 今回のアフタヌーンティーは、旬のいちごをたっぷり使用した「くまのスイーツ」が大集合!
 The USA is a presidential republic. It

--

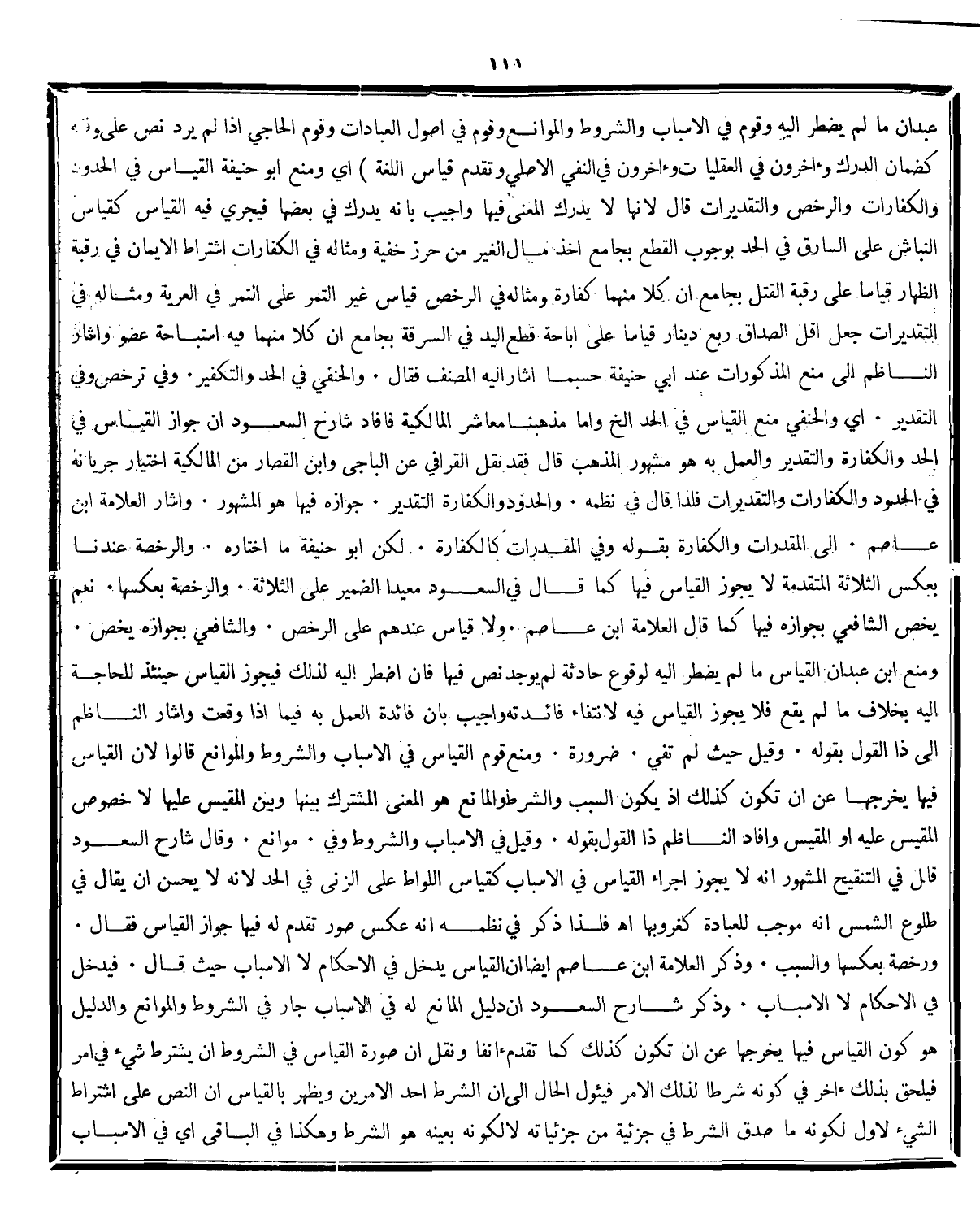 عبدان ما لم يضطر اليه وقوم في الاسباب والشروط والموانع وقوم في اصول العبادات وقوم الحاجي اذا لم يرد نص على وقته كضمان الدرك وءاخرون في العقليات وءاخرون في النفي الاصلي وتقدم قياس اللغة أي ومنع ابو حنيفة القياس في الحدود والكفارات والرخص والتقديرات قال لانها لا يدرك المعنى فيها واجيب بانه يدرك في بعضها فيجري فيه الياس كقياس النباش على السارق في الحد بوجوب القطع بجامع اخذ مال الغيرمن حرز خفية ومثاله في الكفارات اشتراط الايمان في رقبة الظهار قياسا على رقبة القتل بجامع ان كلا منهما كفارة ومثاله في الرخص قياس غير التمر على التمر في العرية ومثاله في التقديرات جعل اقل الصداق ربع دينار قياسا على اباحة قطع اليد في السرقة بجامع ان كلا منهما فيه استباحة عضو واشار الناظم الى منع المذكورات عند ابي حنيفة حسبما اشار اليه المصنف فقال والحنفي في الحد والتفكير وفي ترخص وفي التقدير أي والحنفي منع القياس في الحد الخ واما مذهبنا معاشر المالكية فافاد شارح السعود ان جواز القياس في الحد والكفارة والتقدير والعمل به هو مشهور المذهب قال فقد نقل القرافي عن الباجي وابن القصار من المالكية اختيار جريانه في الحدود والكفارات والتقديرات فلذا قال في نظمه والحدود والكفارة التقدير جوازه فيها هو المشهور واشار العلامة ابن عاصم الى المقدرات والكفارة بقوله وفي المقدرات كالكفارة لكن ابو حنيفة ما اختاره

---

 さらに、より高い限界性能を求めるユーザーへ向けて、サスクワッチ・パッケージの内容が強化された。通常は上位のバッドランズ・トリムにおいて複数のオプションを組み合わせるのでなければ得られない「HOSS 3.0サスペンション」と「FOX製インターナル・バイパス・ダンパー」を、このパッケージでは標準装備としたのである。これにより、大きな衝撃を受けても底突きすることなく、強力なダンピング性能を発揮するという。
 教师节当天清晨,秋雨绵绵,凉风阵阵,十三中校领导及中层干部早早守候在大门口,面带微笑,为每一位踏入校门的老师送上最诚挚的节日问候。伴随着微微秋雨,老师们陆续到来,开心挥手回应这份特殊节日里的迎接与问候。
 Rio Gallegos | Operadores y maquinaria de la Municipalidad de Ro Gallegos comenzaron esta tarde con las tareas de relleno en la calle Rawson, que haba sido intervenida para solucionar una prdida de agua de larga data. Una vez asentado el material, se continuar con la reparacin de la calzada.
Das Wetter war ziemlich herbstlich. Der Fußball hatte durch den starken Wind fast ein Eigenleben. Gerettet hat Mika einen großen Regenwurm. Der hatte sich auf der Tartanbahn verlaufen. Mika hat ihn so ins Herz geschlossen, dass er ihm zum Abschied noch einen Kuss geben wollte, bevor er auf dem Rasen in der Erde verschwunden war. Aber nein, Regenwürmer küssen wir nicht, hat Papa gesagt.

**Aim of the exercise:** Take the stretch of lines above from the one containing "今回のアフタヌーンティーは、" through the one containing "The USA is a presidential republic. It" and repeat it exactly, adding no other line.

**Solution to this problem:**
 今回のアフタヌーンティーは、旬のいちごをたっぷり使用した「くまのスイーツ」が大集合!
 The USA is a presidential republic. It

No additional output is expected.